Особую роль в истории японских игр суждено было сыграть каиавасэ, поскольку именно с ней связывается дальнейшее преобразование этого развлечения в карточную игру. Это была популярная, особенно среди женщин, игра с использованием редких и диковинных раковинок моллюска хамагури, игра, связанная с составлением и подбором друг к другу двух створок раковин, В ней использовалось 360 таких раковин В центре круга, образованного сидящими игроками, выкладывались концентрическими кругами половинки раковинок — дзикаи (букв, «лежащие на земле раковины»), обычно 12 штук. Затем из специального ящика доставали по одной другие половинки — дасигаи (букв, «выставляемые раковины»). Задача заключалась в том, чтобы отыскать среди них совпадающие по рисунку раковины. Найдя пару, игрок накрывал створкой дасигаи лежащую на «земле» створку дэикаи. Отсюда и один из вариантов названий игры — каиоои («накрывание раковин»). Игрок, у которого набиралось самое большое количество совпавших половинок раковин, объявлялся победителем.

Игра в раковины первоначально была популярна только в аристократических кругах, но в дальнейшем она получила распространение и среди самурайского сословия. К началу эпохи Эдо (1603-1868) в эту игру стали играть и обычные горожане. К тому времени содержание состязания изменилось: на внутреннюю часть раковин наносились либо рисунки с сюжетами, взятыми из популярных литературных произведений (например, из знаменитой «Повести о Гэндзи»), либо отрывки стихотворений.

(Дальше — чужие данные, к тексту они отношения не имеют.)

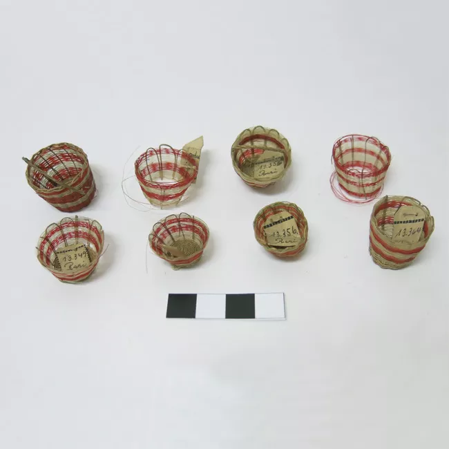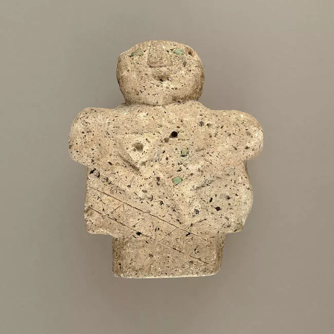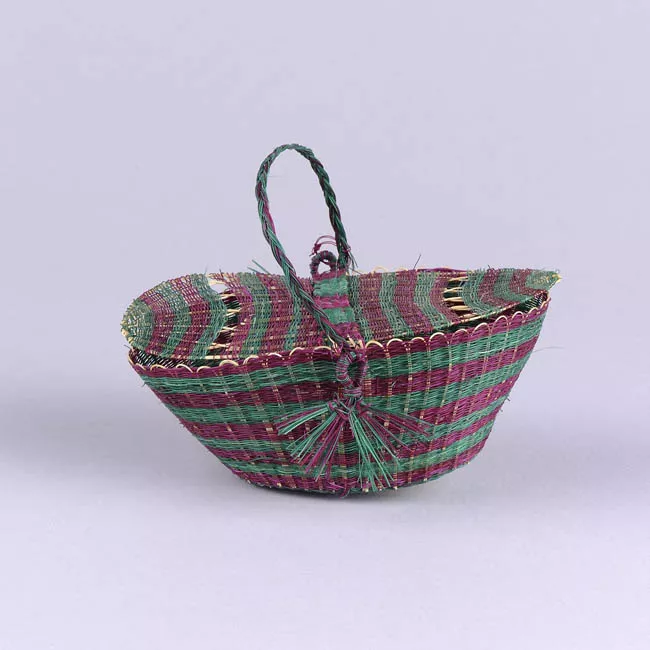 Objeto decorativo de cerámica esmaltada. La pieza consiste en dos figuras antropomorfas masculina y femenina sedentes ambas. La figura femenina sostiene un instrumento musical y viste un vestido con motivos vegetales, la figura masculina sostiene en su mano derecha una estructura circular con un recipiente al centro, ésta figura viste un traje de color negro y sombrero.

По аналогии с игрой каиоои, сначала в круг выкладывали створки раковин с написанной на внутренней части заключительной частью стихотворения. Затем, держа в руке створки дасигаи, где были написаны начальные строчки стихотворений, играющие старались из множества раковин подобрать соответствующие друг другу половинки, чтобы составить полное стихотворение. Такие полностью подходящие друг к другу пары раковинок ассоциировались с понятием энмусуби, то есть «соединение судеб» (так же назывались прикрепленные к ограде или деревьям на территории храма таблички с именами мужчины и женщины — как залог будущего брака). Со временем возник даже обычай дарить молодоженам пару раковин каиоои.

Первые японские карты

С появлением на японском архипелаге европейцев, а вместе с ними и бумажных карт, произошло постепенное вытеснение игр в раковины: люди сочли бумажные карты более удобными, Появились сделанные уже из бумаги поэтические карты ута-карута («карты со стихами») и изобразительные карты э-карута («карты с картинами»). Принципы игры при этом оставались прежними, те. под «японскими картами» понимается игра, более всего напоминающая лото.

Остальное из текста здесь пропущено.